**What you are asked to do:** Make an exact copy of all the records, one that contains none of the pictures.

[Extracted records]

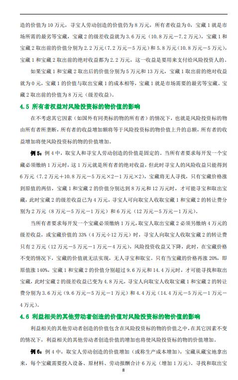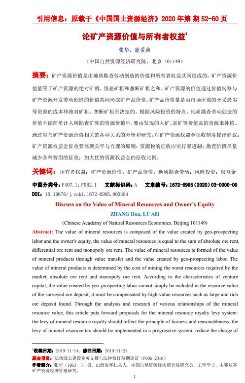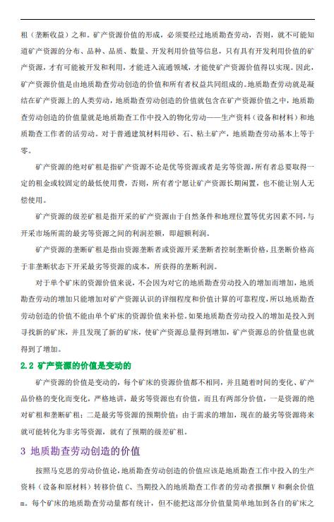 导读:探矿权评估,自然资源评估是由地质勘查劳动创造的价值和所有者权益共同组成的,矿产资源价值量等于矿产资源的绝对矿租、级差矿租和垄断矿租之和。矿产资源的价值通过价值转移与矿产资源开发劳动创造的价值共同形成矿产品价值。矿产品价值特许经营权评估量是由市场所需的开采最劣等资源的成本和绝对矿租、垄断矿租所决定的。根据风险投资的特点,地质勘查劳动创造的价值不能简单计入所勘查矿床的资源价值中,价格评估机构要由发现的大矿、富矿等价值高的经营权评估资源来补偿。通过对与矿产资源价值相关的各种关系的分析和研究,对矿产资源权益金征收制度提出建议:矿产资源权益金征收要体现公平与合理的原则;资源税的征收应实行累进制;勘查阶段尽量减少各种费用的征收;加大优势资源权益金的征收比例。    |
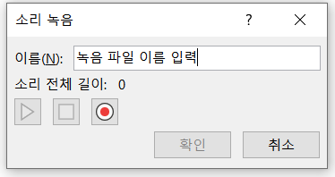 그러면 아래와 같은 소리 녹음 창이 새로 나타납니다.
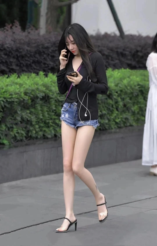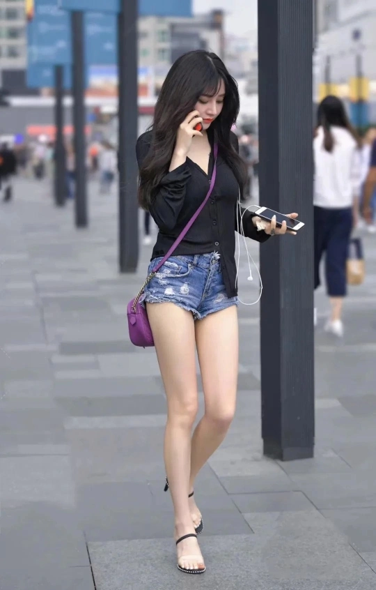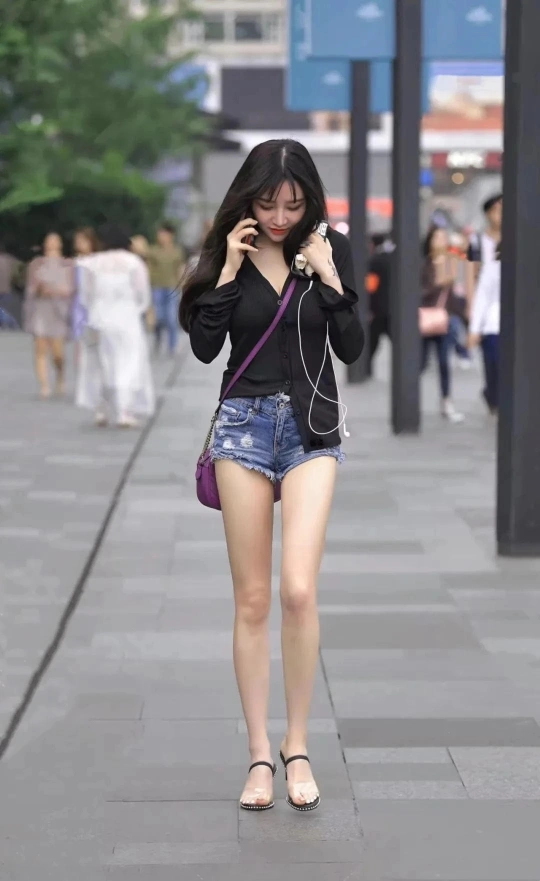 街拍女神:牛仔热裤黑衬衫的时尚女生
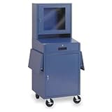 Mobile Computer Cabinet, W 24 1/2, Blue Computer Security CabinetsNos. 1UG95 to 1YCB4Feature separate locking upper and lower compartments. Fit most 19" CRT monitors. Mobile units roll on 5" casters, except Strong Hold units have 6" casters. Powder-coated finish, except Strong Hold are gray enamel. Vented back. Strong Hold computer cabinets are all-welded and constructed from 12-ga. steel. Feature 3-pt. locking system, wraparound design, and 3/16" steel legs. All units, except 10A009 feature a 7-outlet surge protector and fans for ventilation. 10A009 features a pull-down lid. Gray enamel finish. Slide-out keyboard tray can be accessed while top and bottom compartments remain locked. 20-3/4"W x 21-1/4"D x 23-1/2"H lower compartment has 1 fixed and 1 adjustable shelf. Locking bottom doors in front and rear for easy access. 1UG95 and 1UG96 have an acrylic top compartment window for viewing most 20" monitors. 1YCB1, 1YCB2, 1YCB3, 1YCB4 include sloped work surface, roll-out lower shelf, and 2 folding wing shelves. Some assembly required. Mobile Cabinets Mobile Computer Cabinet, For LCD Flat Panel, Overall Width 24 1/2 In, Overall Depth 22 1/2 In, Overall Height 62 3/4 In, Compartment Width 21 1/2 In, Compartment Depth 8 3/4 In, Compartment Height 17 1/2 In, Powder Coat Finish Blue, Material Steel, Assembled Partially, Includes (4) 5 In Polyolefin Casters, 2 Rigid and 2 Swivel With Brake and 2 Folding Wing Shelves  | Mobile Computer Cabinet, W 24 1/2, Blue
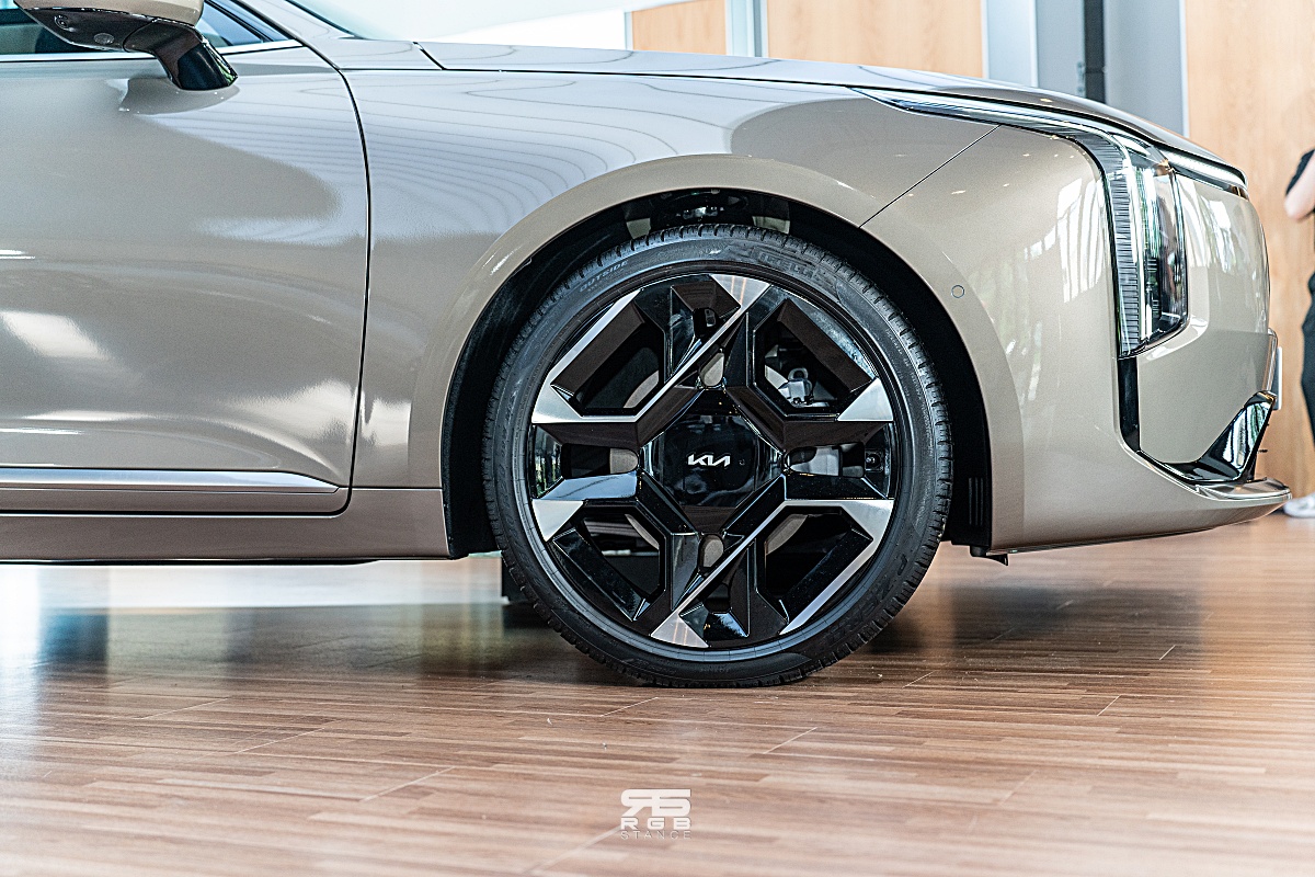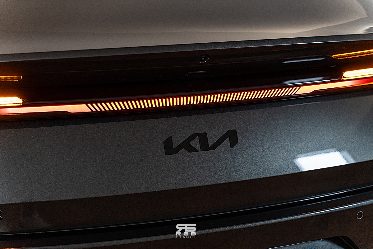 전면부에는 기아의 새로운 패밀리룩인 ‘스타맵 시그니처 라이팅’ 을 반영한 주간 주행등과 수직형 조명이 미래지향적 분위기를 연출하며, 센터 포지셔닝 램프가 시각적으로 연결되어 차폭을 강조했고, 준대형 세단의 웅장함이 느껴지도록 입체적인 형상의 범퍼에는 하단부에 가로로 긴 크롬 장식을 적용해 와이드함을 더했다.
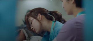 Pulling Gyeo-ul to one side and drawing the curtains around them, Jeong-won demonstrates a sensitivity and consideration for her dignity as a doctor but when Dr Bong interrupts this exchange, he rips open the curtain and asks them what they've been up to in a way that suggests that he has inadvertently intruded onto a moment of unspoken intimacy. It is highly suggestive and on hindsight it signals the beginnings of what becomes the Winter Garden dynamic.
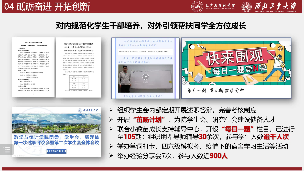 首先,由数学与统计学院主席团成员朱一帆介绍数学与统计学院学生会相关工作。朱一帆介绍了数学与统计学院学生会在思想政治引领及学生会内部改革方面的成果,阐述了新学期的四个工作重点:思想引领、权益服务、文体活动和宣传四个方面,。接着,朱一帆介绍了数统学院学生会工作的创新点,包括组织学生会内部定期开展述职答辩、开展“茁旸计划”、开设“每日一题”栏目、举办经验分享会、在传承旧有校级活动的同时开展创新文体活动等。

**Answer:**
 导读:探矿权评估,自然资源评估是由地质勘查劳动创造的价值和所有者权益共同组成的,矿产资源价值量等于矿产资源的绝对矿租、级差矿租和垄断矿租之和。矿产资源的价值通过价值转移与矿产资源开发劳动创造的价值共同形成矿产品价值。矿产品价值特许经营权评估量是由市场所需的开采最劣等资源的成本和绝对矿租、垄断矿租所决定的。根据风险投资的特点,地质勘查劳动创造的价值不能简单计入所勘查矿床的资源价值中,价格评估机构要由发现的大矿、富矿等价值高的经营权评估资源来补偿。通过对与矿产资源价值相关的各种关系的分析和研究,对矿产资源权益金征收制度提出建议:矿产资源权益金征收要体现公平与合理的原则;资源税的征收应实行累进制;勘查阶段尽量减少各种费用的征收;加大优势资源权益金的征收比例。    |
 그러면 아래와 같은 소리 녹음 창이 새로 나타납니다.
 街拍女神:牛仔热裤黑衬衫的时尚女生
 Mobile Computer Cabinet, W 24 1/2, Blue Computer Security CabinetsNos. 1UG95 to 1YCB4Feature separate locking upper and lower compartments. Fit most 19" CRT monitors. Mobile units roll on 5" casters, except Strong Hold units have 6" casters. Powder-coated finish, except Strong Hold are gray enamel. Vented back. Strong Hold computer cabinets are all-welded and constructed from 12-ga. steel. Feature 3-pt. locking system, wraparound design, and 3/16" steel legs. All units, except 10A009 feature a 7-outlet surge protector and fans for ventilation. 10A009 features a pull-down lid. Gray enamel finish. Slide-out keyboard tray can be accessed while top and bottom compartments remain locked. 20-3/4"W x 21-1/4"D x 23-1/2"H lower compartment has 1 fixed and 1 adjustable shelf. Locking bottom doors in front and rear for easy access. 1UG95 and 1UG96 have an acrylic top compartment window for viewing most 20" monitors. 1YCB1, 1YCB2, 1YCB3, 1YCB4 include sloped work surface, roll-out lower shelf, and 2 folding wing shelves. Some assembly required. Mobile Cabinets Mobile Computer Cabinet, For LCD Flat Panel, Overall Width 24 1/2 In, Overall Depth 22 1/2 In, Overall Height 62 3/4 In, Compartment Width 21 1/2 In, Compartment Depth 8 3/4 In, Compartment Height 17 1/2 In, Powder Coat Finish Blue, Material Steel, Assembled Partially, Includes (4) 5 In Polyolefin Casters, 2 Rigid and 2 Swivel With Brake and 2 Folding Wing Shelves  | Mobile Computer Cabinet, W 24 1/2, Blue
 전면부에는 기아의 새로운 패밀리룩인 ‘스타맵 시그니처 라이팅’ 을 반영한 주간 주행등과 수직형 조명이 미래지향적 분위기를 연출하며, 센터 포지셔닝 램프가 시각적으로 연결되어 차폭을 강조했고, 준대형 세단의 웅장함이 느껴지도록 입체적인 형상의 범퍼에는 하단부에 가로로 긴 크롬 장식을 적용해 와이드함을 더했다.
 Pulling Gyeo-ul to one side and drawing the curtains around them, Jeong-won demonstrates a sensitivity and consideration for her dignity as a doctor but when Dr Bong interrupts this exchange, he rips open the curtain and asks them what they've been up to in a way that suggests that he has inadvertently intruded onto a moment of unspoken intimacy. It is highly suggestive and on hindsight it signals the beginnings of what becomes the Winter Garden dynamic.
 首先,由数学与统计学院主席团成员朱一帆介绍数学与统计学院学生会相关工作。朱一帆介绍了数学与统计学院学生会在思想政治引领及学生会内部改革方面的成果,阐述了新学期的四个工作重点:思想引领、权益服务、文体活动和宣传四个方面,。接着,朱一帆介绍了数统学院学生会工作的创新点,包括组织学生会内部定期开展述职答辩、开展“茁旸计划”、开设“每日一题”栏目、举办经验分享会、在传承旧有校级活动的同时开展创新文体活动等。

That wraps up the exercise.